「花嫁になる若き女性への手紙」~幸せになりなさい

 娘のシーナの友だちのエリカが結婚式を挙げます。今週末のことです。
 大学時代は同じサークルで特に仲良く、一緒に海外旅行に行ったりシーナの結婚式の際は友人代表のスピーチやら二次会の余興やらと八面六臂の大活躍をしてくれた人です。また、そのお母さんからは結婚指輪のリング・ピロー(指輪の交換までリングを置いておく小さな布団のようなもの)を贈られるなど、家族ぐるみでお世話になった子です。それだけに私たちも張り切らざるをえませんでした。

 以下、シーナの友人の「花嫁になる若き女性への手紙」

  エリカさん ご結婚おめでとうございます。

 4年生大学を出て就職し、その仕事に慣れてしかも20歳代の半ばで結婚するというのは容易なことではありません。そんな中にあってシーナ同様、早い時期によき伴侶と会えたことはほんとうに運の良いことです。神様がついていてくれた証拠です。よき生き方をしてきた人を神様が忘れることはありません。

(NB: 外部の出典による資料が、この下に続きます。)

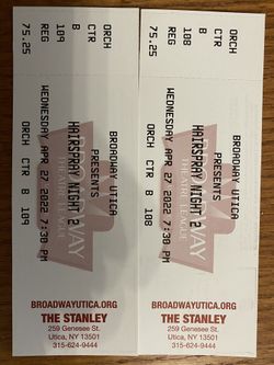 Hairspray Tickets Center Section ,2nd Row$40New Hartford, NY

 今から30年ほど前、私たちの結婚式に立ち会ってくれた神父さんがこうおっしゃいました。
「二人はもはや別々のものではなく一体のものです。神が結び合わせたものを人が引き裂いてはいけません」

 これは聖書の中の有名な言葉で、結婚式には繰り返し使われる一節のようです。けれど当時はそんなことは知りませんでしたので、私にはとても新鮮で繰り返し心の中で反芻し、以後ずっと大切にしてきた言葉です。しかしだからといって神様は、二人を結び合わせることで幸せを保証してくれたわけでもありません。
 実際、平和で安定していることだけを望むなら、一人でいる方がよほどましなのです。何でも自分で決め自分で責任を取り、戦うにしろ逃げるにしろ守るべきものが自分しかないとしたら世界はほんとうに簡単です。私たちの生活が厄介で難しいのはそばに他者がいるからで、しかしその厄介さ難しさは、私たちの想像に反して案外悪いものではないのかもしれないのです。

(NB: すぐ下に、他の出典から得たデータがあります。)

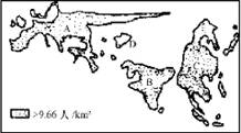 4、综合题 为了揭示世界人口的分布状况,著名学者邦奇等创建了人类大陆图。在地图上取消陆地和海洋,仅画出人类密集的地区,面积较大的人类密集区称人类大陆。世界上共存在四个人类大陆:第一个为东亚和东南亚;第二个是南亚;第三个是欧洲;第四个是北美东部。下图为世界人类大陆图的一部分。读图回答下列问题。

 結婚して他者と暮らすことは否応なく私たちを変えます。人の子であり社会の一員であった上にもうひとつ、「配偶者」という属性がつくからです。「妻」または「夫」という名前がつくと、それなりの変化を遂げなくてはなりません。それらしく振舞わなければならないというより、必然的に生き方を捻じ曲げられてしまうのです。

 やがて私たちは「親」という属性も持つようになります。今度は困ったことに、乳幼児の「親」と小学生の「親」(それも低学年の子の「親」と高学年の子の「親」)、中学生の「親」と高校生の「親」とでは、求められるものが異なってくるのです。そのたびに “脱皮”もしくは“自己更新”しなければなりません。家族の成長に合わせて自分もまた変化し成長を遂げていく、それこそが家族を持つ醍醐味であり、喜びなのです。

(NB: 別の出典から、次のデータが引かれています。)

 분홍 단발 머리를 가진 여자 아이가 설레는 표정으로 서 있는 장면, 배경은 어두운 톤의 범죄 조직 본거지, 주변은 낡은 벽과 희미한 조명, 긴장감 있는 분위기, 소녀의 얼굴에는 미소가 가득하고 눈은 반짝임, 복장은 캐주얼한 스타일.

 エリカさんはこの二年余り、シーナがどんどん変わり、次々と別の形の幸せを手に入れていく様子を見てこられたでしょう? 今あなたに起りつつあるのはそうした奇跡です。
 私たちは確かな予感とともに、これからのエリカさんの身に起る様々な奇跡を、ワクワクした気持ちで見守っていこうと思っています。

 荷物に入れたエプロンは、妻と私との共同制作です。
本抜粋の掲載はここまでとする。